[Start of Attachment]
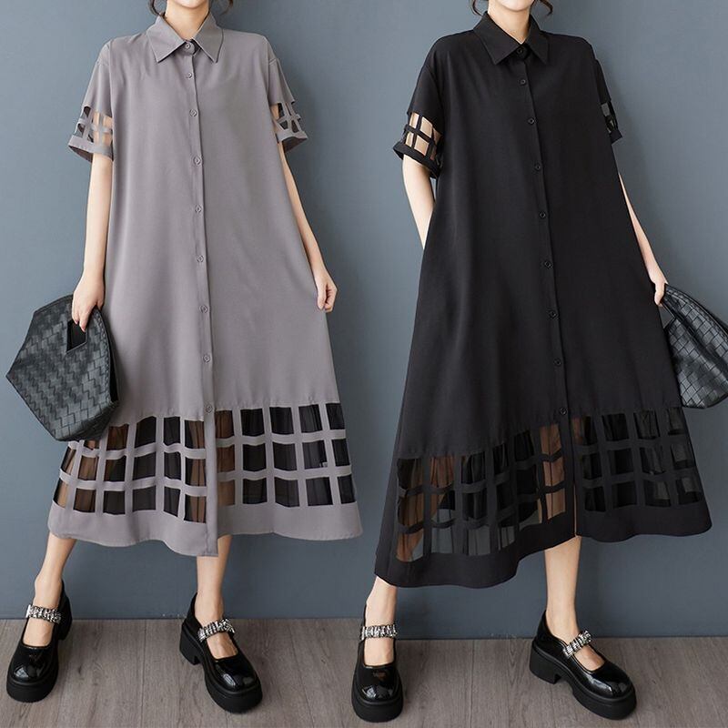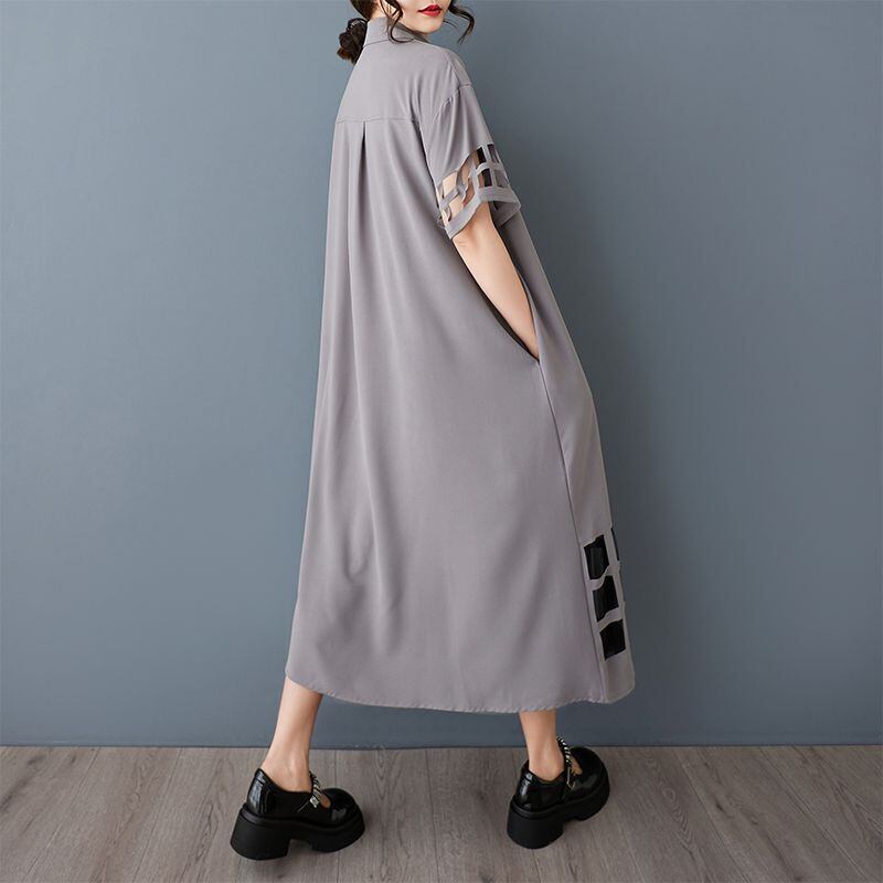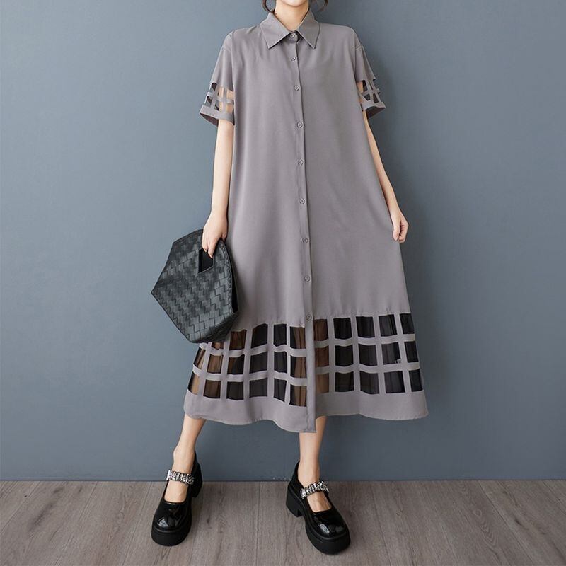 シンプルな中に個性が光る、スクエアカットヘムが印象的なシャツワンピース。
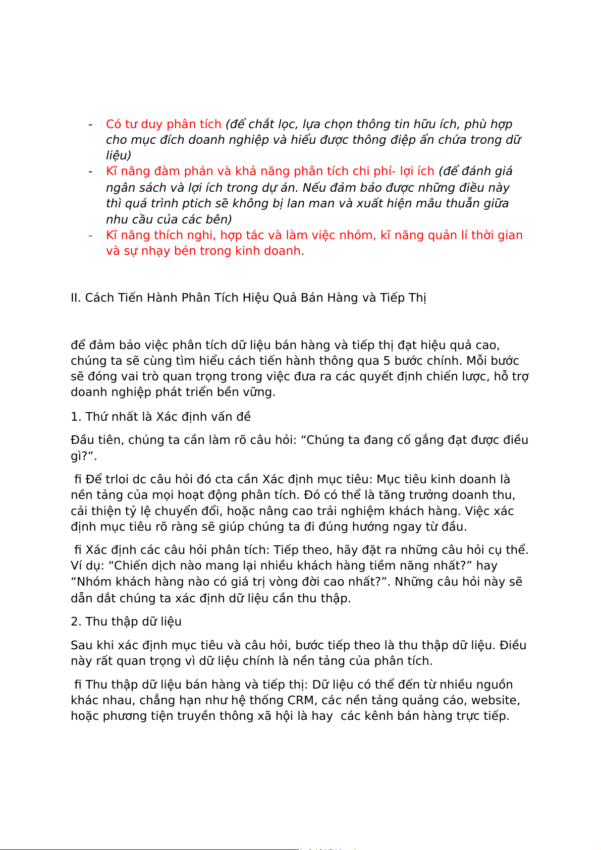II. Cách Tiến Hành Phân Tích Hiệu Quả Bán Hàng và Tiếp Thị
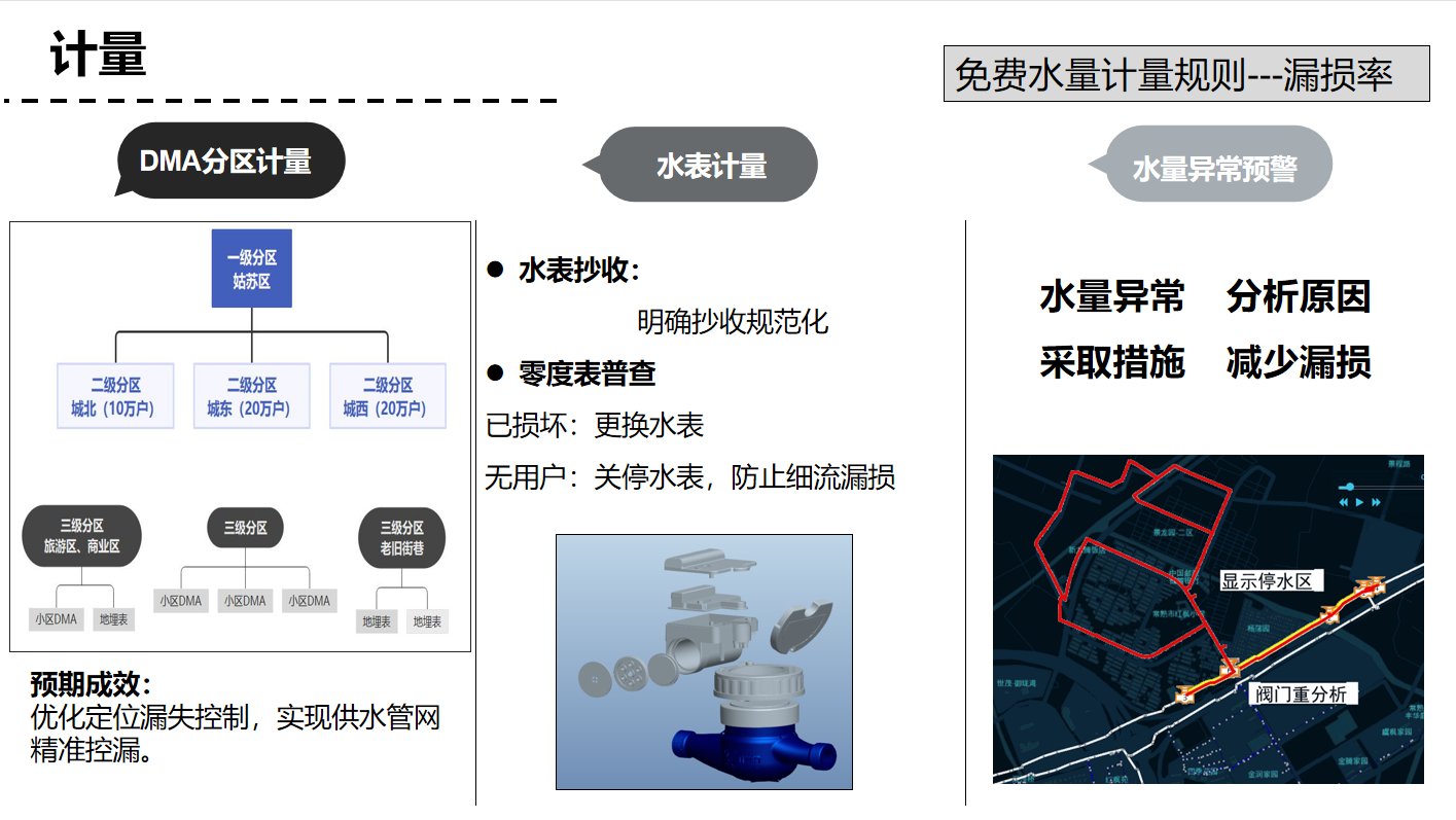 姑蘇區(qū)老舊小區(qū)眾多,產(chǎn)銷差管控難度較大,為此,市自來(lái)水公司成立產(chǎn)銷差管控工作組,借助信息化手段,構(gòu)建技術(shù)型控漏體系,統(tǒng)籌推進(jìn)公司產(chǎn)銷差管控工作。工作組下設(shè)領(lǐng)導(dǎo)小組、管控辦公室、方案研究組和方案實(shí)施組。在領(lǐng)導(dǎo)小組的帶領(lǐng)下,方案研究組主要負(fù)責(zé)方案制定、數(shù)據(jù)分析和實(shí)施效果評(píng)估等工作;方案實(shí)施組主要負(fù)責(zé)具體方案落實(shí)、相關(guān)數(shù)據(jù)統(tǒng)計(jì)和方案執(zhí)行效果反饋等工作。工作組將考慮高品質(zhì)供水、供水設(shè)施薄弱區(qū)改造、產(chǎn)銷差管控三大戰(zhàn)略目標(biāo),實(shí)現(xiàn)控漏措施的系統(tǒng)化、科學(xué)化、精細(xì)化總目標(biāo)。
[End of Attachment]
What is needed is an exact copy of the lines from the start of the listing above through the line that holds "II. Cách Tiến", with the pictures left out.

Exercise solution:
 シンプルな中に個性が光る、スクエアカットヘムが印象的なシャツワンピース。
II. Cách Tiến Hành Phân Tích Hiệu Quả Bán Hàng và Tiếp Thị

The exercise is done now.